Results on the first 5 frames of a HLA sequence are shown in Fig. 2. A representative result on 5 non-adjacent frames of a VLA sequence can be seen in Fig. 3, with the cardiac contraction more easily visible due to the frames spanning a longer time. Both figures display a sequence from the unseen testing dataset using cubic interpolation in the first row, the result of using static frames only in the second row, the result of the proposed network in the third row, and the ground truth on the bottom row. Each frame has been magnified around the apex, one of the features that is most prone to being missed by the SA stack acquisition. The proposed network manages to recover the apex across the sequence, with much better definition than previously used standard U-Nets.

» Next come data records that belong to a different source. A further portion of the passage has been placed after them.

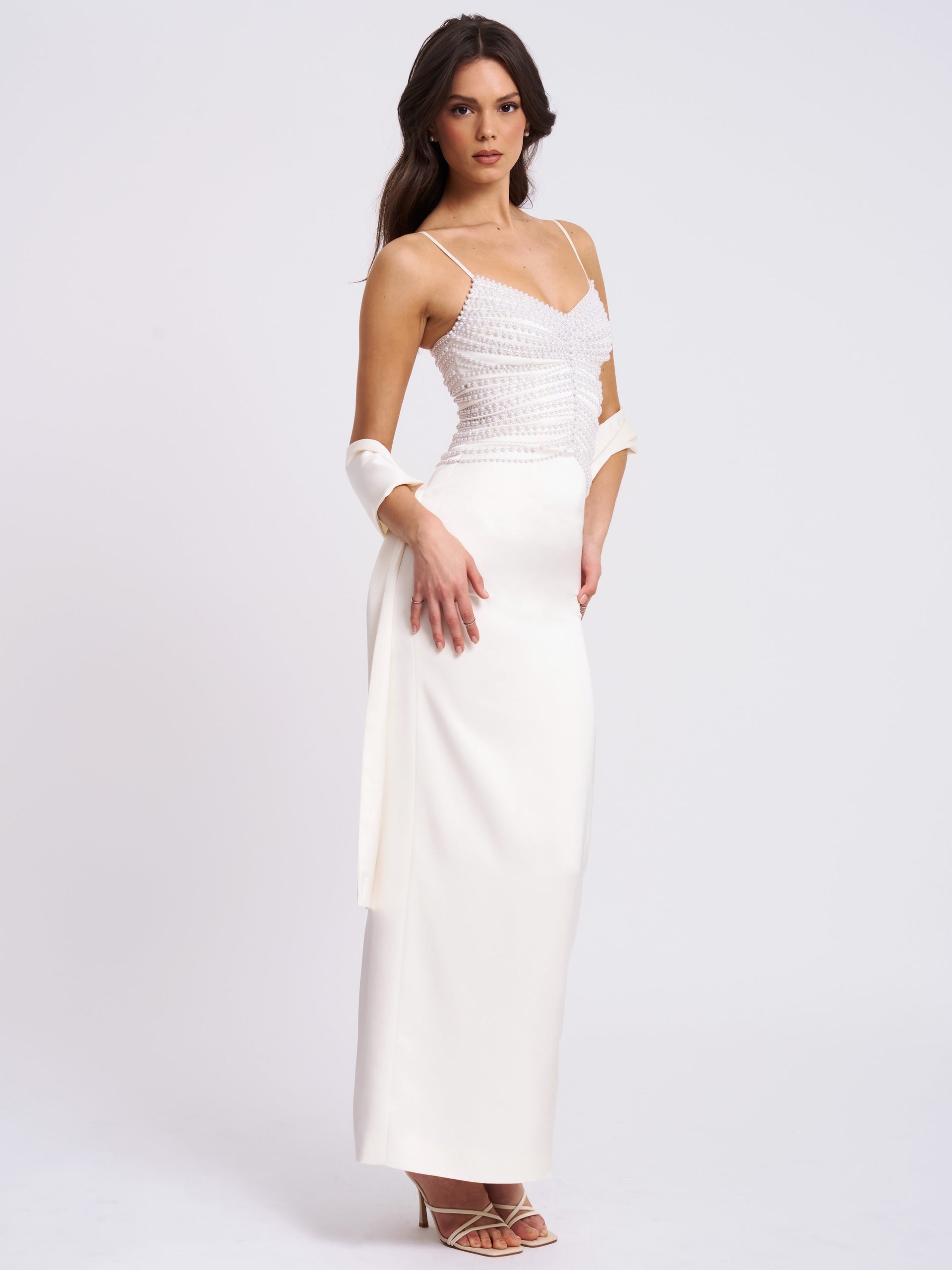 Karmen Pearl Top Pencil Slip Gown with Scarf
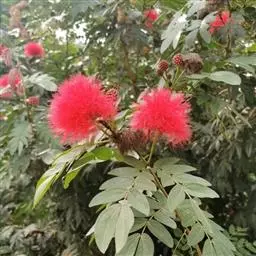 红粉扑花 红粉扑花开花良好,但不结实或结实少,种子常败育,无法采用播种方式进行大量繁育,一般采取无性繁育方法,即扦插育苗为主,红粉扑花采用硬枝扦插,时间多为秋季。
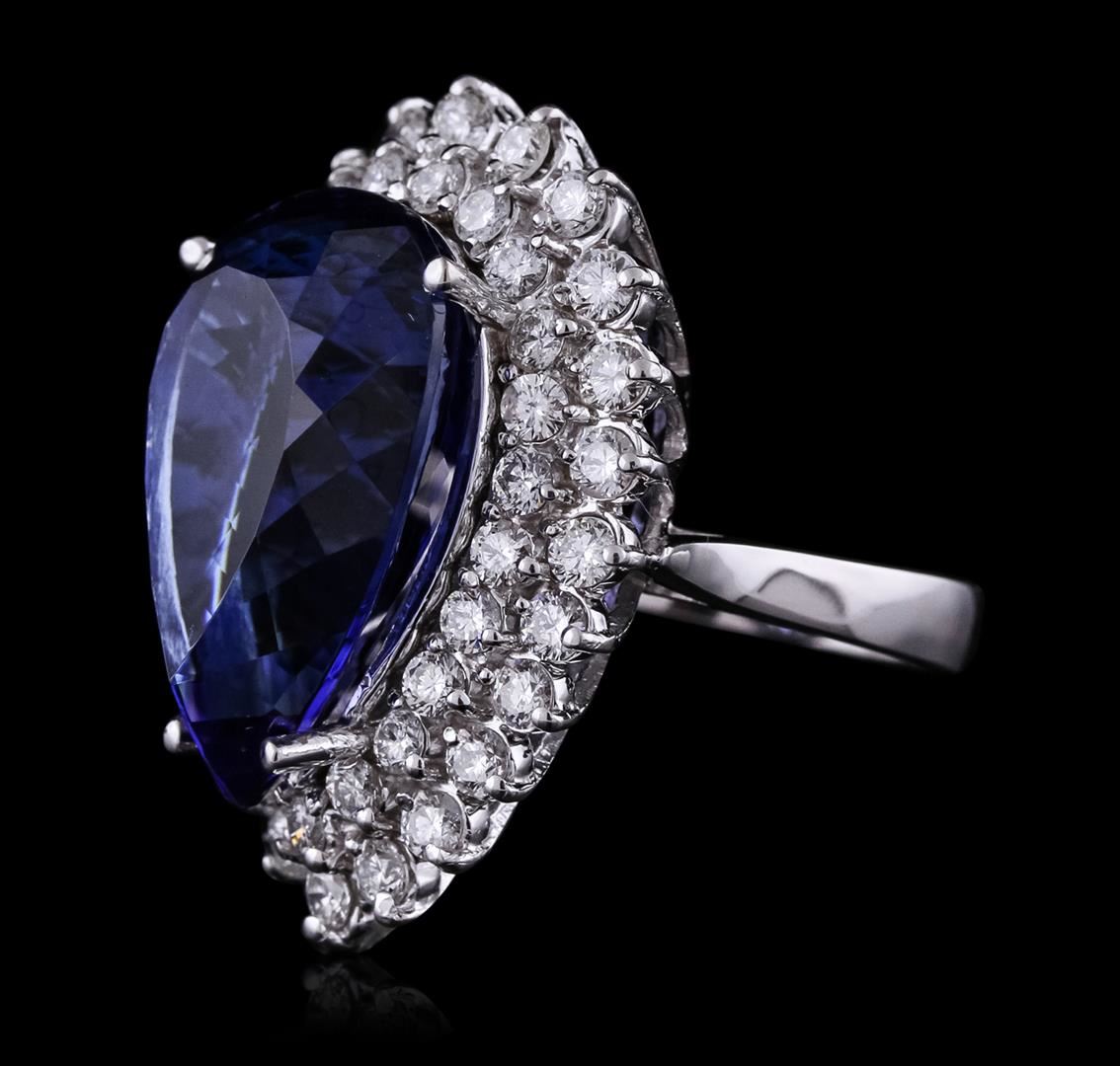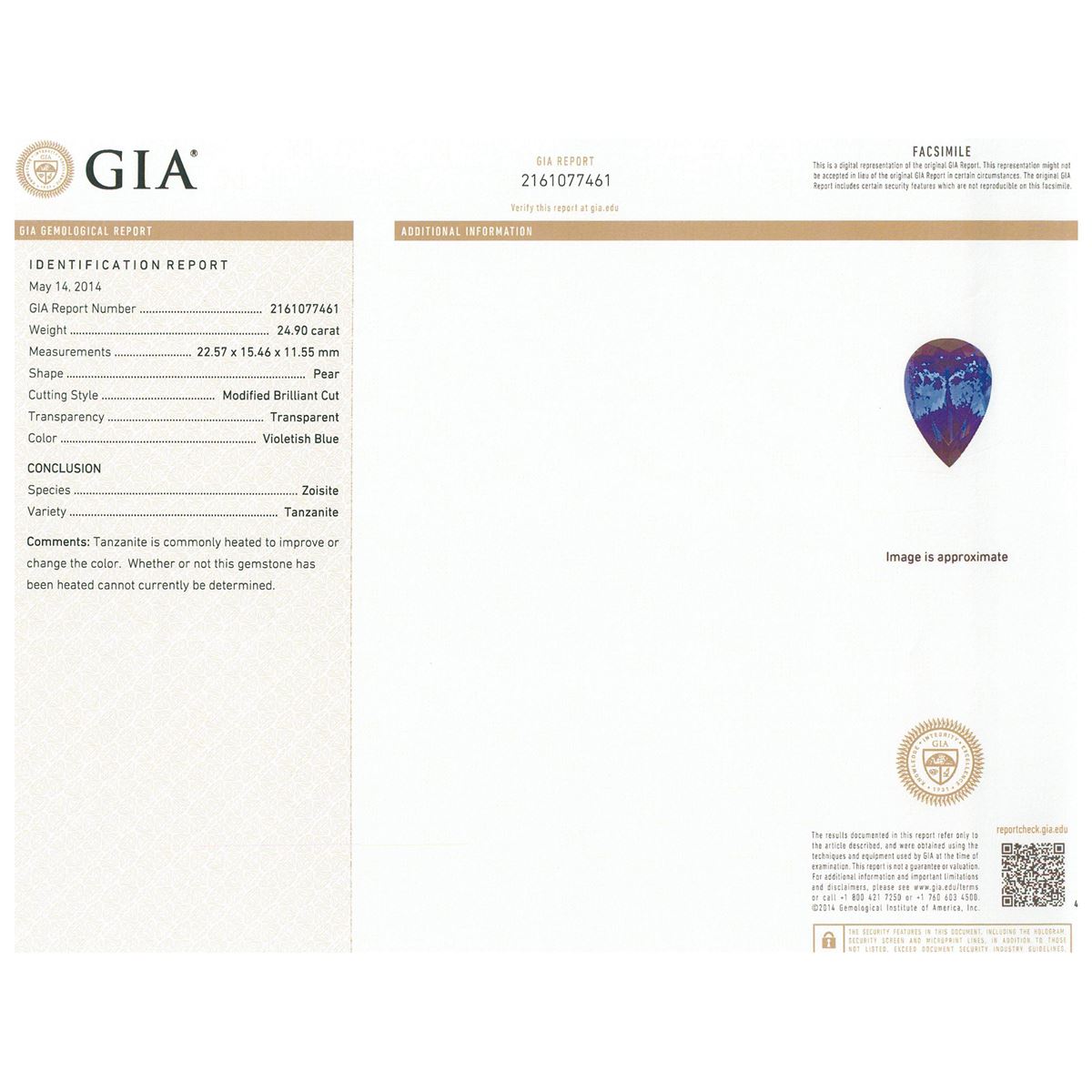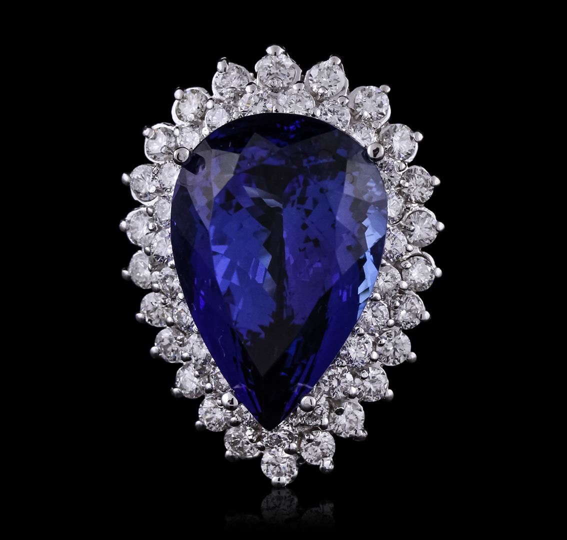 One electronically tested 14KT white gold ladies cast tanzanite and diamond ring with a bright polish finish. Condition is new, good workmanship. The featured tanzanite is set within two tiered diamond bezels, completed by a three millimeter wide band. Identified with markings of "K14". Containing: One prong set pear modified brilliant cut natural tanzanite, measuring 22.57 x 15.46 x 11.55mm, exact weight 24.90ct., clarity is eye clean, type I, dark, moderately strong, violetish blue color, (GIA vB 7/4), cut is good. Transmitting light with no distortion, transparent. GIA Gemological Report attached. Graded loose prior to setting in the GIA Laboratory, Report #2161077461.Tanzanite is a very rare gemstone that is only found in the country of Tanzania. Originally discovered in 1967. Tiffany & Company, named the stone Tanzanite. It is found in the Usumburu Mountains that border the Umba Valley of northern Tanzania. Tanzanite occurs in gray, brown, violet, blue, reddish-purple, & green. The gem is interesting because of its exceptional pleochroism. Rotated in different directions a tanzanite will exhibit multiple changes of color. Tanzanite has a low tolerance to ultrasonic cleaning, and should not be cleaned using this method. Forty-Seven prong set round brilliant cut diamonds, measuring 2.50 - 2.40 x 1.47mm (depth est.) approximate total weight of 47 Stones = 2.62ct. Graded in the setting. Clarity: SI-1 to I-1 . Color: G - I. Total Weight of Colored Stones 24.90ct. Total Weight of Diamonds 2.62ct. Total Weight of Ring 17.12 grams. AIG Appraised at $72,530.00.
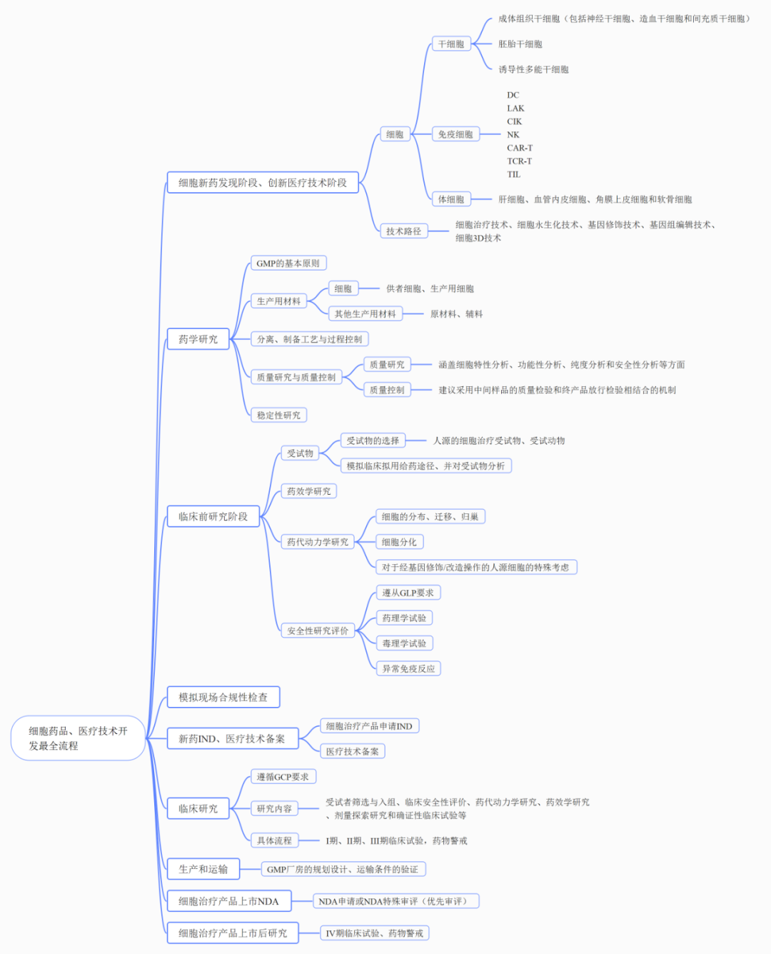 目前,细胞治疗药物从研发到上市的路径已经十分清晰,具体过程详见下图:
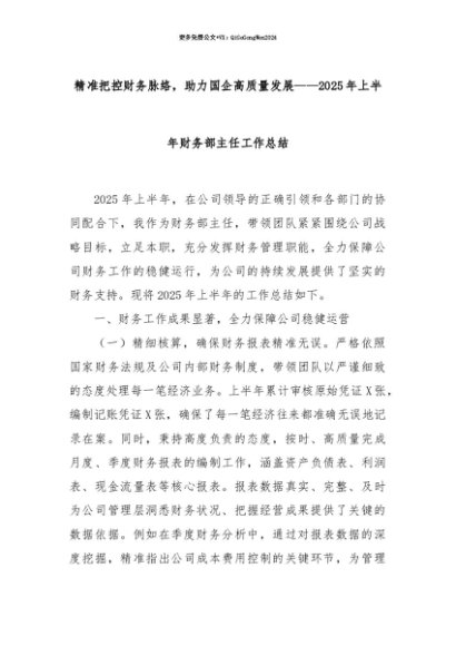 【七哥公文】2025年:【七哥公文】精准把控财务脉络,助力国企高质量发展——2025年上半年财务部主任工作总结+更多免费公文+VX:QiGeGongWen2024+更多免费公文+VX:QiGeGongWen2024
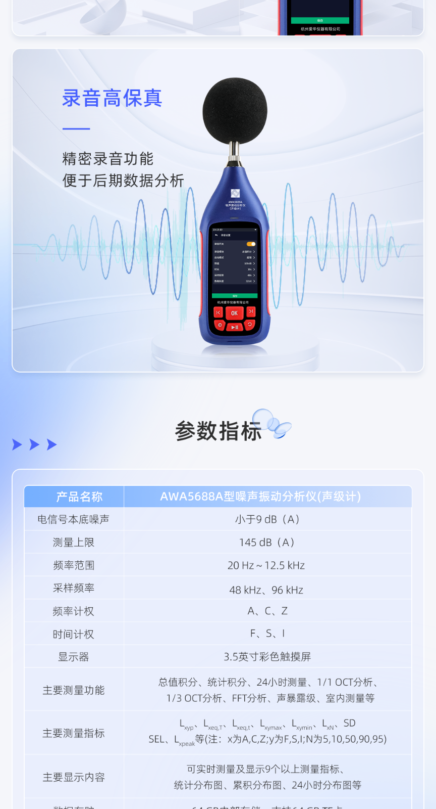 AWA5688A型噪声振动阐发仪(声级计):一键多目标丈量,智能高效,合用普遍
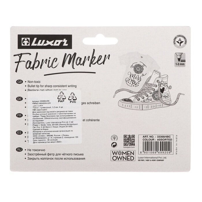 Ниже Вы можете прочитать отзывы на Набор маркеров для ткани Luxor "Fabric", пулевидный, 1-2мм, 4цв., блистер, ознакомится с подробными характеристиками, посмотреть интересные обзоры и фотографии на Набор маркеров для ткани Luxor "Fabric", пулевидный, 1-2мм, 4цв., блистер.
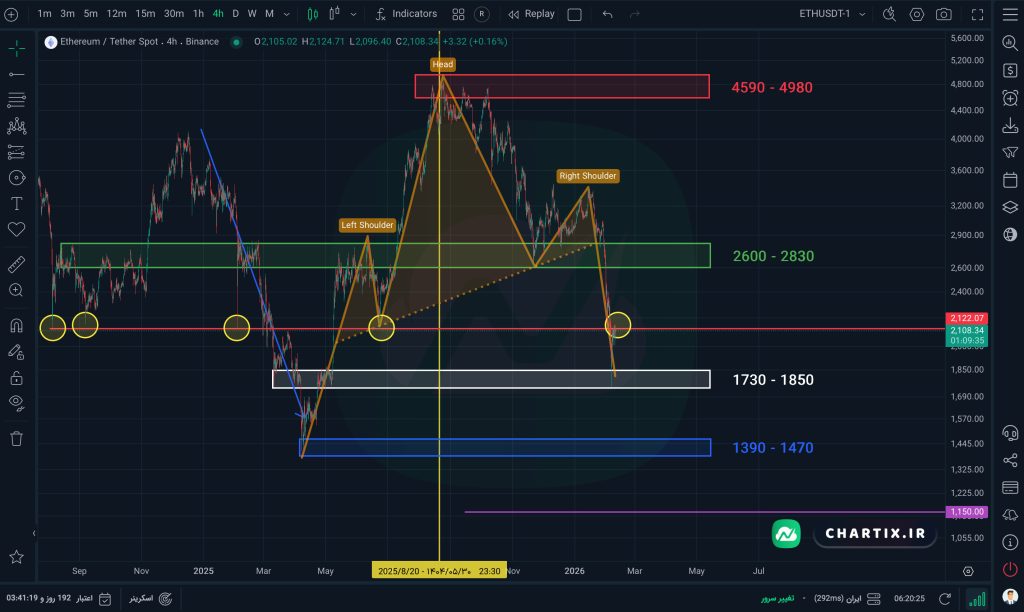 اما در ادامه و پس از حمایت نسبی که در محدوده سبز از قیمت شده است، شاهد شکست این محدوده بوده‌ایم و در حال حاضر اتریوم در حوالی محدوده 1730 – 1850 دلار (محدوده سفید) در حال معامله است. اگر به ساختار تشکیل‌شده و الگوی نمودار تکنیکالی اتریوم نگاهی بیندازیم، شاهد تشکیل الگوی سر و شانه خواهیم بود که پس از شکستن خط گردن، که در محدوده سبز قرار داشته، به سمت پایین حرکت کرده است. در ادامه حرکت اتریوم برای هفته‌های آتی، انتظار شکست محدوده سفید و ریزش قیمت را در گام اول تا محدوده آبی و در گام دوم تا محدوده 1150 دلار (خط افقی بنفش) خواهیم داشت.
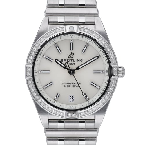 Elevate your collection with this Breitling Chronomat (Model A10380), a 36mm midsize masterpiece in stainless steel, presented in excellent condition. Powered by an automatic movement and protected by scratch‑resistant sapphire crystal, it balances everyday durability with refined luxury. A diamond-set bezel frames a striking white diamond dial, complemented by a robust steel bracelet and secure folding clasp. Water resistant to 100M, this 2022 example arrives complete with box and original papers, plus the original white tag. Backed by a 2 Year Warranty, a 14 Day Return Policy, and Next Day Delivery for your convenience. BQ Ref: 51931.
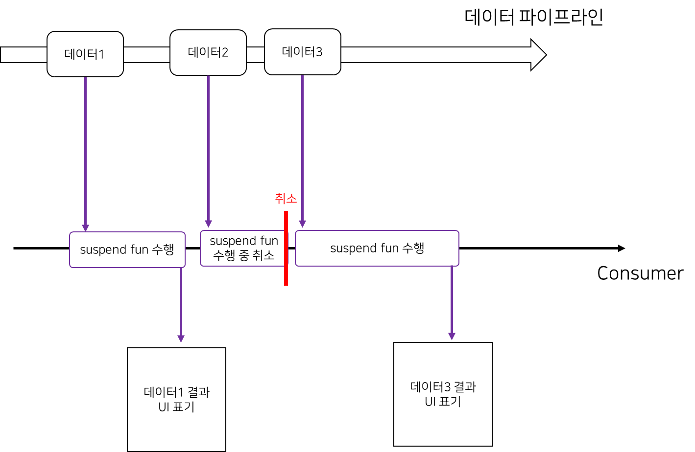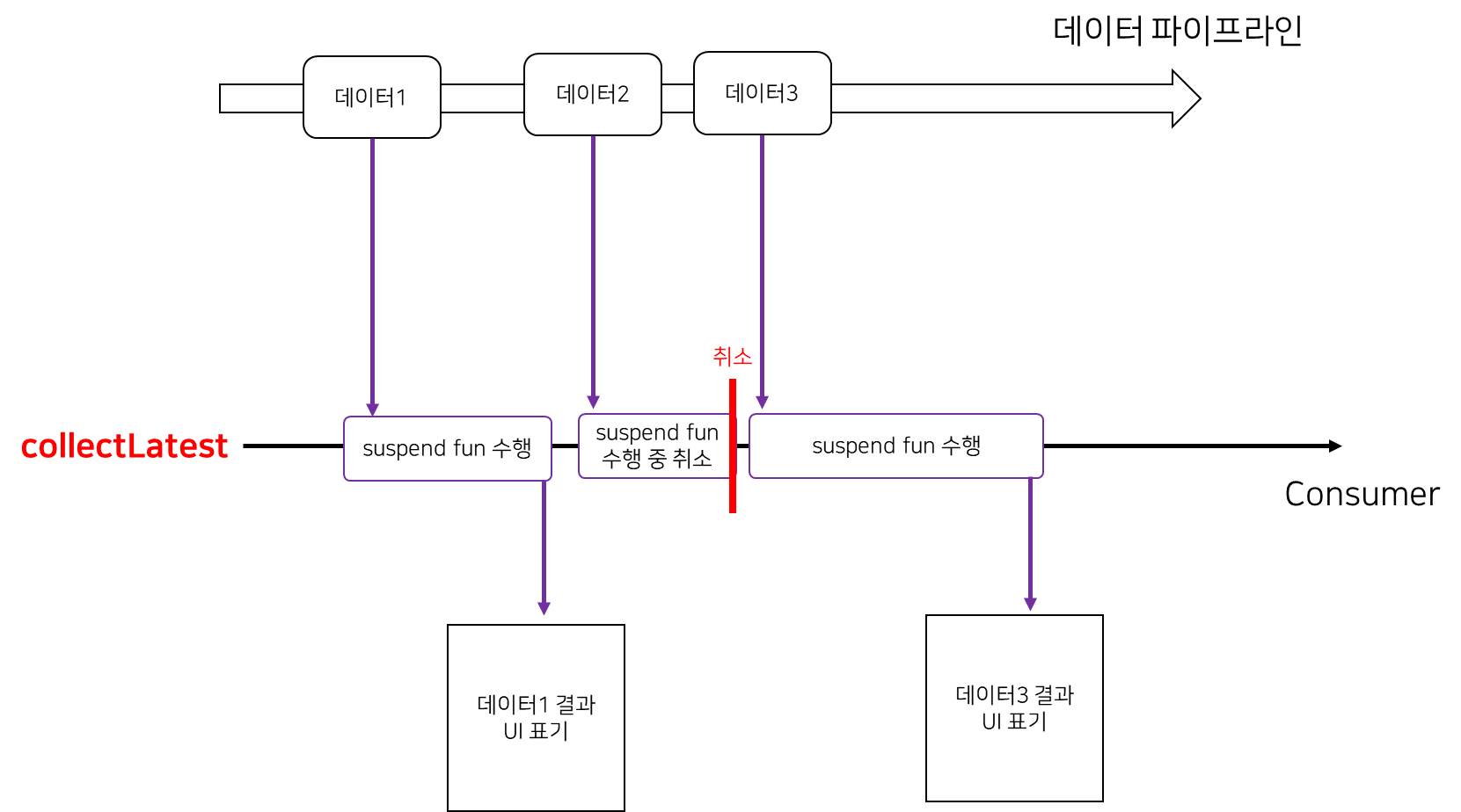 위 문제를 처리하는 가장 간단한 방법은 그림2와 같이 최신 데이터가 들어왔을 때 이전 데이터를 이용해 수행하던 suspend fun을 취소하고 새로 들어온 데이터로 suspend fun을 수행하도록 만드는 것이다. 그렇게하면 최신 데이터가 들어왔을 때 최신 데이터를 처리한 결과만을 화면에 빠르게 표기할 수 있게 해준다.
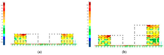 Figure 19a–d exhibit the maximum stress at Section A for Stages 4, 5, 9, and 10, respectively. The highest stress was found to be more concentrated close to the base of the walls on the right side in Stage 4. Normal maximum stress occurred on the opposite side to that observed without the complete execution of the upper floor, corresponding to Stage 5. When Stages 9 and 10 were examined, it was found that the maximum normal stress in the base of the walls did not tend to shift position. Normal stresses on the walls increased on the levels below the wall and in the region opposite the wall, illustrating the redistribution of stresses caused by the structure’s stiffness.

In addition to qualitative improvements, the peak signal-to-noise ratio (PSNR) and structural similarity (SSIM) of the dynamic network output outperform the static network and interpolation. More quantitative results are shown in Table 1, which contains the average values for PSNR and SSIM of the whole testing data set and shows that the dynamic network output is superior to the static network as well as interpolation.

4 Discussion and Conclusion

We have showed that there is an advantage to using the temporal context for super resolution of cardiac cine MRI sequences, in comparison to the more common approach of reconstructing individual frames. Our proposed architecture, which includes LSTM layers on the upper layers of a U-net, gives qualitatively and quantitatively superior results to an equivalent U-net architecture with no recurrence.

In order to concentrate on the effects of recurrence on reconstructions, we chose experiments that avoid common acquisition artifacts such as misalignment between slices and intensity mismatches. Future work will look into the reconstruction from clinical SA stacks suffering from these artifacts, as well as reconstruction of arbitrarily oriented slices, eventually aiming to reconstruct complete 3D datasets.